Safety and efficacy not established.
No dosage adjustment is required.
No dosage adjustment is required.
Cases of CHF exacerbation have been reported. Use with caution and monitor patients closely following infusion.
Contraindicated in patients with G6PD deficiency because of the risk of hemolysis and methemoglobinemia. Screen patients at higher risk of G6PD deficiency (eg, patients of African or Mediterranean ancestry) for G6PD deficiency before starting therapy.
Gout flares may occur and are frequently observed upon initiation of antihyperuricemic therapy.
High antibody titer was associated with a higher incidence of infusion reactions and failure to maintain pegloticase-induced normalization of uric acid.

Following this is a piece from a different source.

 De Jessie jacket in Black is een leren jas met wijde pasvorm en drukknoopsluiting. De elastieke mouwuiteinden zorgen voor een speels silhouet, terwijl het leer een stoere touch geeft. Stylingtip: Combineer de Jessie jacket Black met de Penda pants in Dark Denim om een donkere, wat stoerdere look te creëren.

Because of the immunogenicity of pegloticase, patients receiving re-treatment may be at increased risk of anaphylaxis and infusion reactions. Carefully monitor patients receiving re-treatment after a drug-free interval.
No cases of overdose have been reported.
- Advise patients taking pegloticase to read the Medication Guide before use for the first time and with each subsequent treatment.

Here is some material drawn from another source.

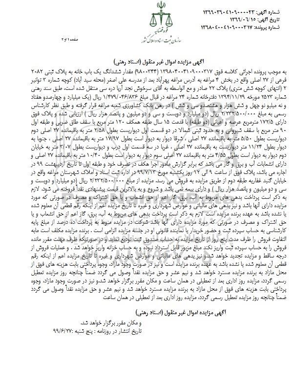 مزایده ششدانگ یکباب خانه پلاک ثبتی 2082 فرعی کلاسه 9800344

- Inform patients that anaphylaxis and infusion reactions can occur at any infusion while on therapy. Counsel patients on the importance of adhering to any prescribed medications to help prevent or lessen the severity of these reactions.
- Educate patients on the signs and symptoms of anaphylaxis, including hemodynamic instability, perioral or lingual edema, rash or urticaria, and wheezing.
- Educate patients on the most common signs and symptoms of an infusion reaction, including chest discomfort, chest pain, dyspnea, erythema, flushing, rash, and urticaria.
- Advise patients to seek medical care immediately if they experience any symptoms of an allergic reaction during or at any time after the infusion.
- Inform patients not to take the medication if they have a condition known as G6PD deficiency and that they may need to be tested to determine if they have G6PD deficiency, unless already known.
- Explain to patients that gout flares may initially increase when starting treatment and that medications to help reduce flares may need to be taken regularly for the first few months after pegloticase is started.
- Advise patients that they should not stop pegloticase therapy if they have a flare.